Sedetik kemudian, Gracia mengecup bibir Shani.

"Kiss setelah bangun tidur." Gracia berkata dengan bergumam. Ia mengalihkan padangannya, malu.

"Mau lagi." Shani tersenyum, sangat cantik di mata Gracia.

Jari jemari Gracia bergerak dengan sendirinya untuk mengelus pipi Shani, Gracia bergitu mengagumi bentuk wajah Shani. Ia tenggelam dalam lamunannya.

Ketika sadar dengan apa yang telah di lakukannya, Gracia mengalihkan pandangannya. Kemana saja, asalkan tidak memandang Shani.

"Emm, berapa jam lagi jadwal keberangkatan kita?" Tanya Gracia dengan gugup.

"Masih dua jam lagi." Ucap Shani lembut, dengan wajah yang terus bergerak untuk mendekati Gracia.

Bibir mereka bertemu kembali. Gracia membuka sedikit bibirnya, Shani melumat bibir bawah Gracia. Gadis itu menikmatinya.

Shani mencoba mengontrol nafasnya. Tangannya bergerak untuk mengelus punggung Gracia, sedangakan tangan Gracia masih setia mengelus pipi Shani.

"Eumhh." Lenguh Gracia saat Shani memindahkan ciumannya pada lehernya. Tangannya sudah mengelus kepala Shani dengan lebut, ia menyusupkan jemarinya di antara helai helai rambut Shani.

"Eh, maaf. Kau terlalu menggoda." Lenguhan Gracia membuatnya tersadar. Jantungnya berdetak semakin cepat.

"Tak apa, lakukan sesukamu. Aku milikmu." Gracia menggeleng.

Shani merubah posisinya, sekarang ia sudah berada di atas tubuh Gracia. Tadi mereka berdua masih berbaring dengan berhadapan.

"Apakah kau tidak akan menyesal." Shani ragu.

"Jika aku menyesal, setidaknya aku sudah tau konsekuensi dari duduk di pangkuan orang yang tidak ku kenal." Gracia berdecak ringan.

"Jadi, kau akan menyesal?"

"Hei?
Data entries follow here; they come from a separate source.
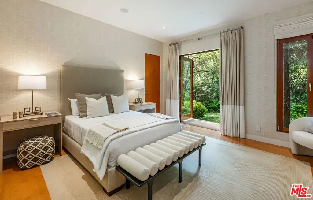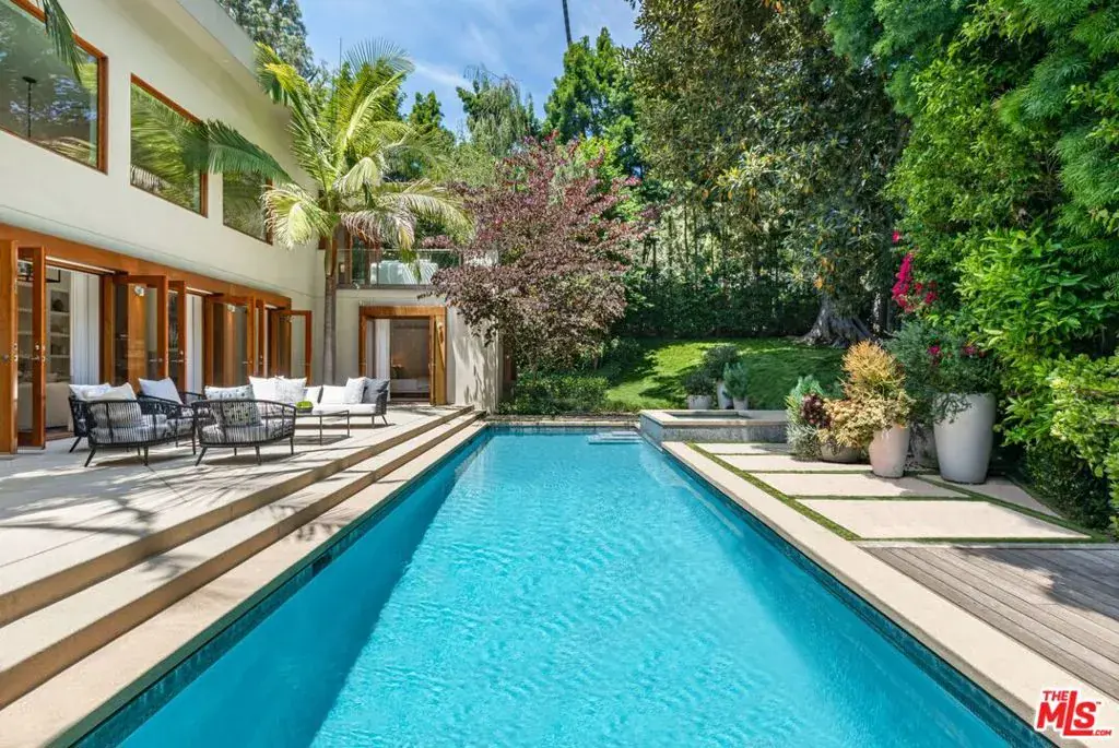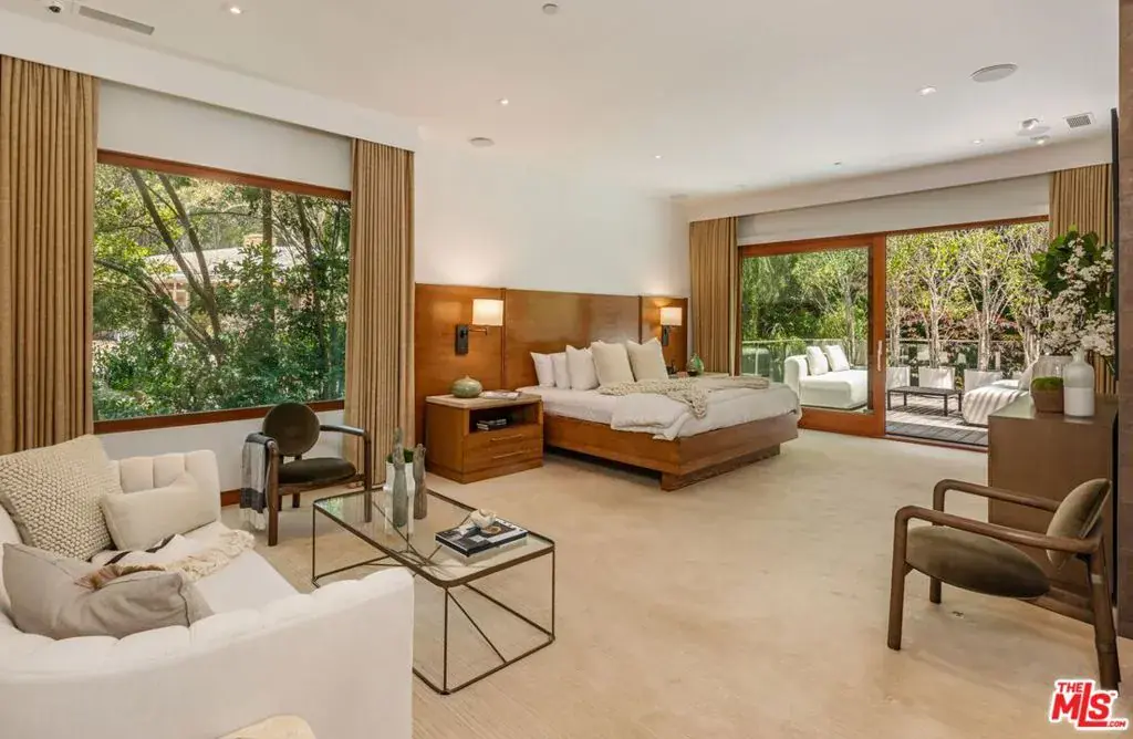 A contemporary estate nestled behind a long, gated driveway in prestigious Holmby Hills. This architectural home opens to a two-story living room with gallery lighting, skylights, and floor-to-ceiling windows framing lush, park-like grounds with pool, spa, and large deck on half an acre. The open floor plan seamlessly connects the dining room, family room, and sleek chef’s kitchen with top-tier appliances. Upstairs, the primary suite offers a fireplace, a spacious balcony, a walk-in closet, and a spa-like bath. 5 bedrooms and 5.5 baths offer ample space for family and friends. Thoughtful details throughout include jade and Jerusalem stone, maple floors, and textured walls. House is equipped with a full-house generator, top of the line window break protection on all glass doors and windows, plus shutters that close at night. Large motor court and 3 car garage offer plenty of parking space. Ideally located near Harvard-Westlake Middle School, offering convenience and prestige. Also available for lease $49,500/month.
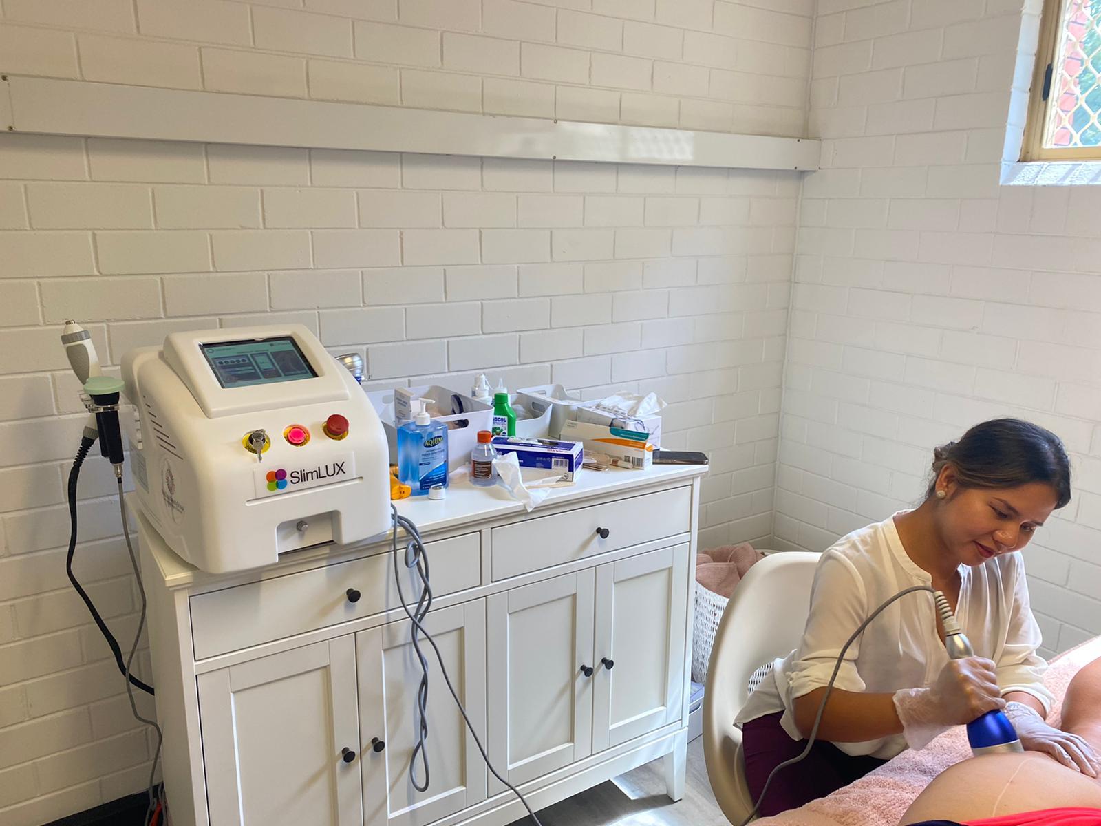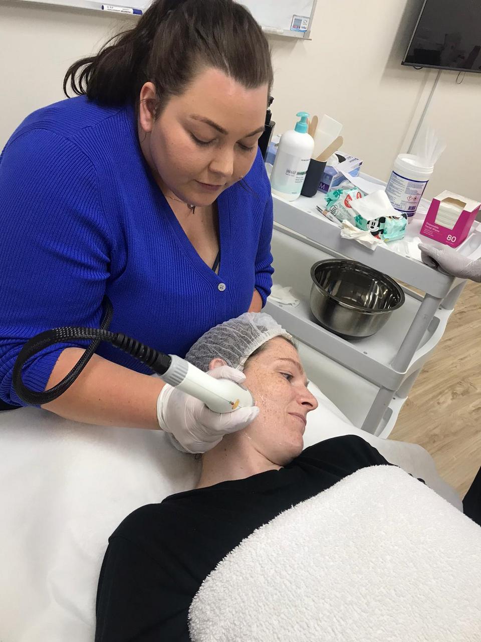 TORI TAYLOR FROM ELLA BACHE SALE, DOING A FANTASTIC JOB PERFORMING HER RF SKIN TIGHTENING TREATMENT DURING HER PRACTICAL TRAINING WITH US TORI ACHIEVED 88% FOR HER ONLINE THEORY WORKSHOP
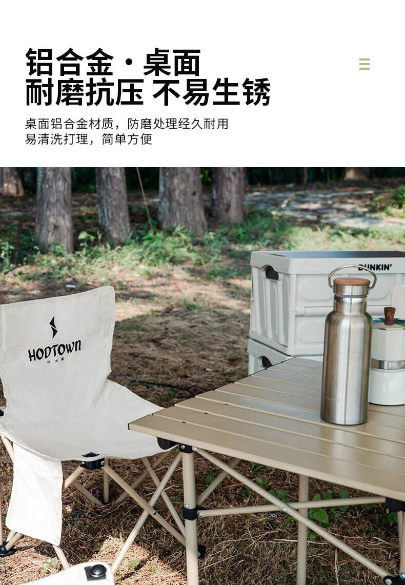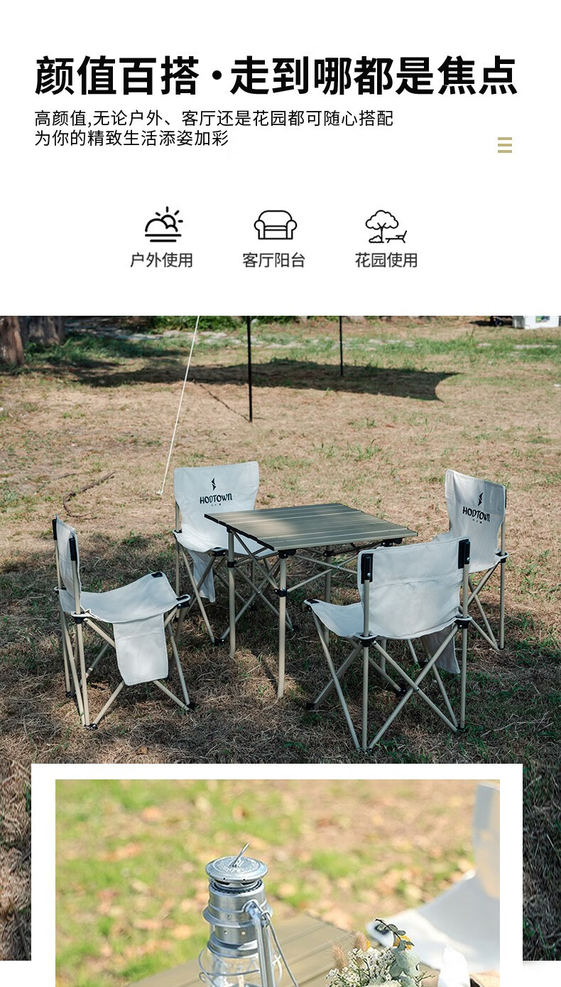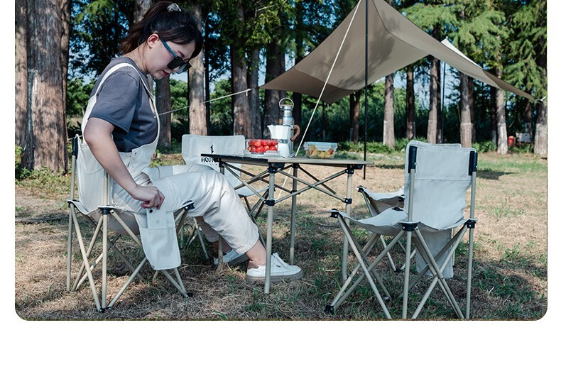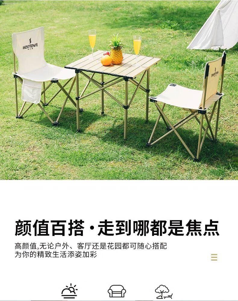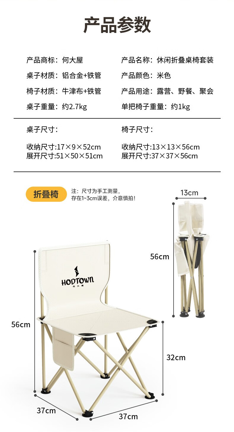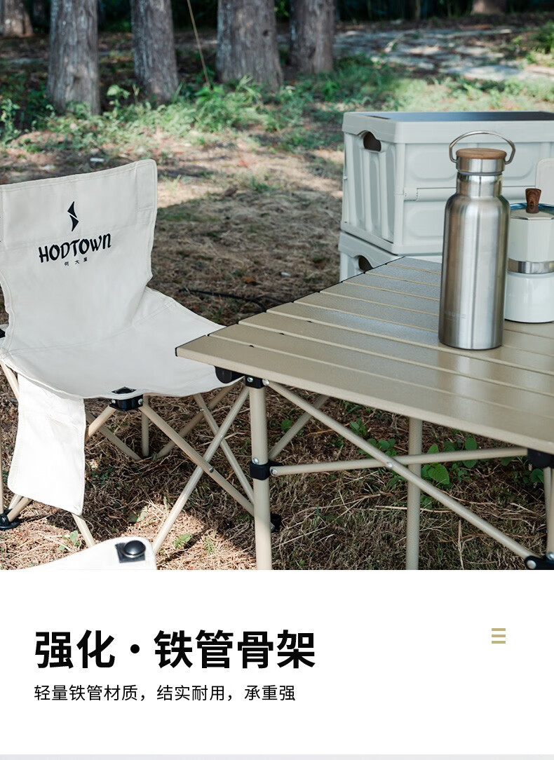 何大屋(Hodtown) 户外折叠桌便携式露营套装蛋卷桌大号米白五件套 长桌+大收纳包 休闲折叠椅HDW1512S(1把椅子)
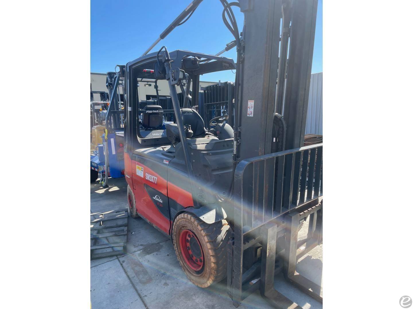 Equipment Description: 7500 ELECTRIC SIT SOWN SINGLE PEDAL NON MARK SE DRIVES AND STEERS SPEED LIMIT 6MPH 217 104 TRIPLEX MAST HANG ON SIDESHIFTER 60 FORKS LOAD BACKREST REAR VIEW MIRROR HEIGHT ADJ STEERING COLUMN SGL FNCT HOSING LED TWIN SPOT LIGHTS REAR LIGHT BLUE LIGHT -REAR BACK UP ALARM STROBE FIRE EXTINGUISHER 80V BATTERY BACKUP ALARM STROBE FIRE EXTINGUISHER
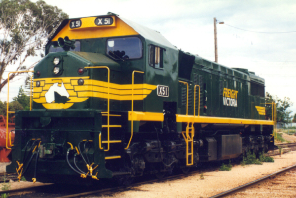 X51 in its new color scheme and carrying the name of its new owner, Freight Victoria. Mildura 8-12-1999. Photo: Bruce McLean

Apa kau ingin aku menyesali keputusanku? Buat aku untuk tidak menyesalinya, itu tugasmu. Jangan pernah biarkan aku menyesalinya."

Shani kembali menyatukan bibir mereka, kini ciuman dan lumatannya terasa lebih dalam dari yang sebelumnya. Tangan Gracia masih menjelajahi kepala Shani sampai nafasnya habis, tangannya menolak tubuh Shani.

"Eum, maaf." Shani menjauhkan tubuhnya, ia memalingkan wajahnya.

"Lanjutkan saja. Lakukanlah apapun yang kau inginkan." Gracia mengalungkan tangannya pada leher Shani yang sedang tersenyum.

"Apa kau menyerahkan dirimu pada setiap orang baru kau temui?" Shani hanya berniat untuk bercanda, tapi Gracia tidak menganggap itu sebagai lelucon.

Mereka diam, saling memandang dengan tatapan yang berbeda satu sama lain. Yang satu menatap dengan tatapan tersinggung sedangkan yang satunya menatap dengan tatapan merasa bersalah.

Gracia mengerutkan alisnya, giginya menggerutuk, ia menggeram. "Ah, ternyata sakit mendengarnya." Ia sadar kalimat itu juga yang ia ucapkan saat di pesawat.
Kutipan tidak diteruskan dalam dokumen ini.